Exercise directions>
Restate word for word each line from the one containing "在这新年来临之际,弟子拜谢慈" through the end of the material, and nothing more. Drop every picture.

Source data>
----------------
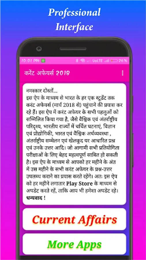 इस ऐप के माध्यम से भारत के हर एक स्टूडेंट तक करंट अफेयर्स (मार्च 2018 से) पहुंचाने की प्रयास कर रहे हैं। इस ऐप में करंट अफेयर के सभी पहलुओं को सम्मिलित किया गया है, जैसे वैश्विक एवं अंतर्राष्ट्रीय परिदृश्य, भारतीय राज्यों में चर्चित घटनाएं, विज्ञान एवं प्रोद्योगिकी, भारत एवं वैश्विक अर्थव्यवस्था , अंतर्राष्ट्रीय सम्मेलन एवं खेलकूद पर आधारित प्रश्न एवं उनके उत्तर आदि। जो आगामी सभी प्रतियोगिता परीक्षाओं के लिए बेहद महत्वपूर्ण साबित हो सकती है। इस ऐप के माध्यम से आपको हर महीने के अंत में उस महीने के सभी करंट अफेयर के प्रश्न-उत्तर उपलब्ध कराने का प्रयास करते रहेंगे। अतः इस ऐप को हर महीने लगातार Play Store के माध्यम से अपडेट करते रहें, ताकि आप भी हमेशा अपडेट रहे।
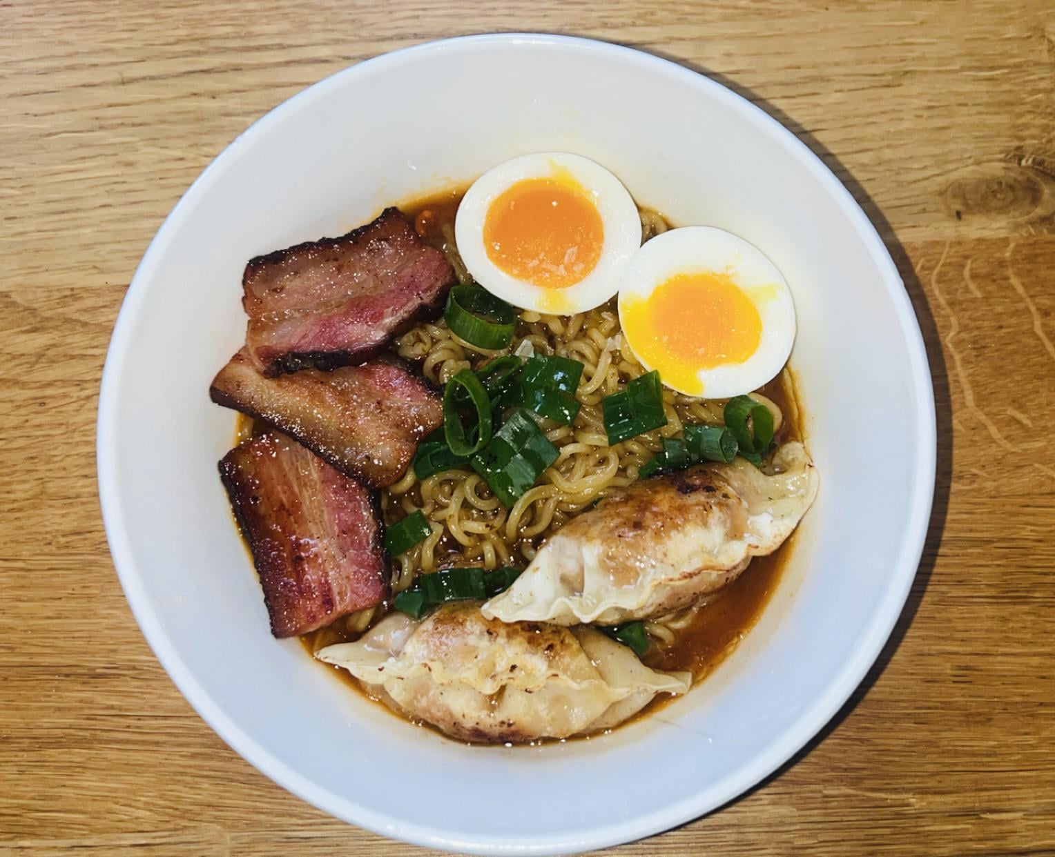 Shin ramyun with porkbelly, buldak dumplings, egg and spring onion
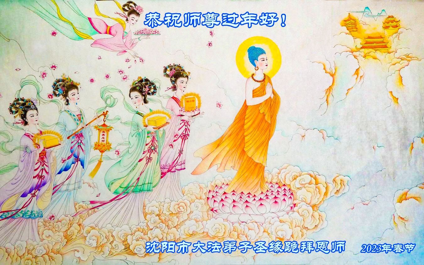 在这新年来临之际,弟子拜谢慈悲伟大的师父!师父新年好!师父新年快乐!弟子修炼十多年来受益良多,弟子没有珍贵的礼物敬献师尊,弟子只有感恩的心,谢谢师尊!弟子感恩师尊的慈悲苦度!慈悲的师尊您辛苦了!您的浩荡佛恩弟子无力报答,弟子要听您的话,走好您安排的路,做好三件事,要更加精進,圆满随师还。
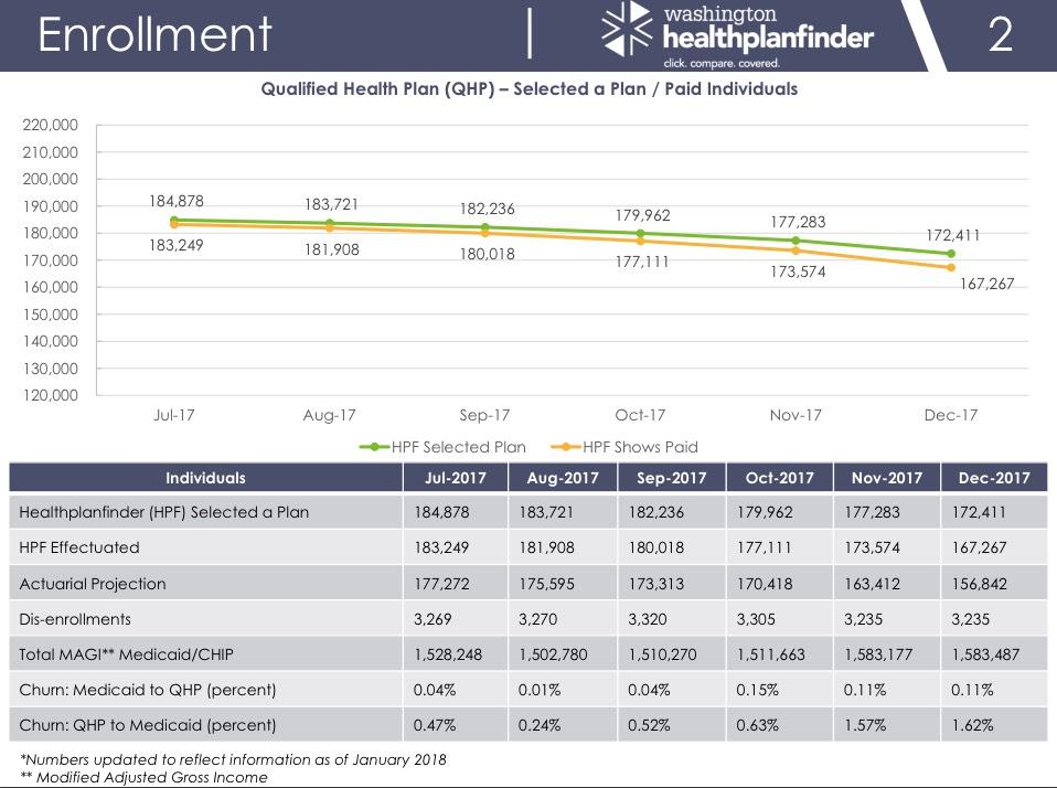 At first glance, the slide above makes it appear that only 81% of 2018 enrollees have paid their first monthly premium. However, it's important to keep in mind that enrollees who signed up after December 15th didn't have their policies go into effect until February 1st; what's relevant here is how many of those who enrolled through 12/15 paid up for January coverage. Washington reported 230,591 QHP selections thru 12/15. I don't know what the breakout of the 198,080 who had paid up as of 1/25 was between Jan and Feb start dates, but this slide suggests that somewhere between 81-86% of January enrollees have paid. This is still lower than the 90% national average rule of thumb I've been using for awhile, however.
----------------
Solution below>
 在这新年来临之际,弟子拜谢慈悲伟大的师父!师父新年好!师父新年快乐!弟子修炼十多年来受益良多,弟子没有珍贵的礼物敬献师尊,弟子只有感恩的心,谢谢师尊!弟子感恩师尊的慈悲苦度!慈悲的师尊您辛苦了!您的浩荡佛恩弟子无力报答,弟子要听您的话,走好您安排的路,做好三件事,要更加精進,圆满随师还。
 At first glance, the slide above makes it appear that only 81% of 2018 enrollees have paid their first monthly premium. However, it's important to keep in mind that enrollees who signed up after December 15th didn't have their policies go into effect until February 1st; what's relevant here is how many of those who enrolled through 12/15 paid up for January coverage. Washington reported 230,591 QHP selections thru 12/15. I don't know what the breakout of the 198,080 who had paid up as of 1/25 was between Jan and Feb start dates, but this slide suggests that somewhere between 81-86% of January enrollees have paid. This is still lower than the 90% national average rule of thumb I've been using for awhile, however.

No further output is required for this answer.